I did find that I could run c:\Program
Files\NetApp\mpio\dsmcli path list to generate a (barely)
human-readable list of paths, but it would take some effort to automate and I
figured if the DSM is already gathering this data then it may have another
interface for retrieving it.
From: Webster, Stetson
[mailto:Stetson.Webster@netapp.com]
Sent: Tuesday, April 08, 2008 10:08 AM
To: Jon Hill; toasters@mathworks.com
Subject: RE: MPIO and path failure
Paths are merely a route **TO** the filer, but rather
something **ON** the filer.
Therefore, that's an environmental issue external to the filer
(rather than something actually on the filer). So you would need to
investigate this with your switch vendor, etc.

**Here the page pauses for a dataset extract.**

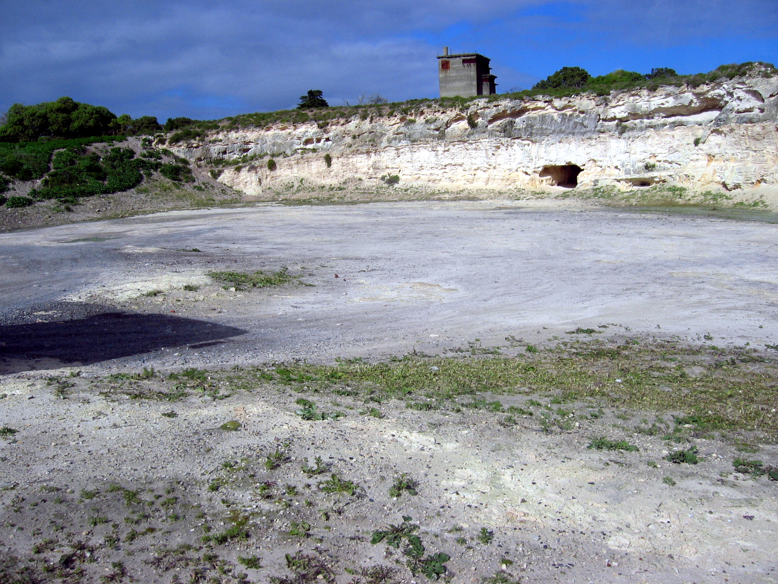 South Afrika, Robben Island, Quarry

Do you perhaps have some indication that something on the filer
failed and caused this?
Stetson
M. Webster
Onsite Professional Services Engineer
PS - North Amer. - East
NetApp
919.250.0052 Mobile
Stetson.Webster@netapp.com
www.netapp.com
From: Jon Hill [mailto:JHill@jennison.com]

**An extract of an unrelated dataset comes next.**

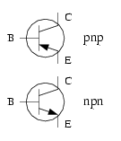 icon of Bipolar

Sent: Tuesday, April 08, 2008 8:06 AM
To: toasters@mathworks.com
Subject: MPIO and path failure
We had an
incident the other day where we lost one of our two paths to storage. We
noticed the path failure quite by accident, and some time after it actually
happened.
Does anyone
know whether there's a way that the NTAP fibre DSM can be configured to
generate an alert (by SNMP or e-mail) whenever a path fails?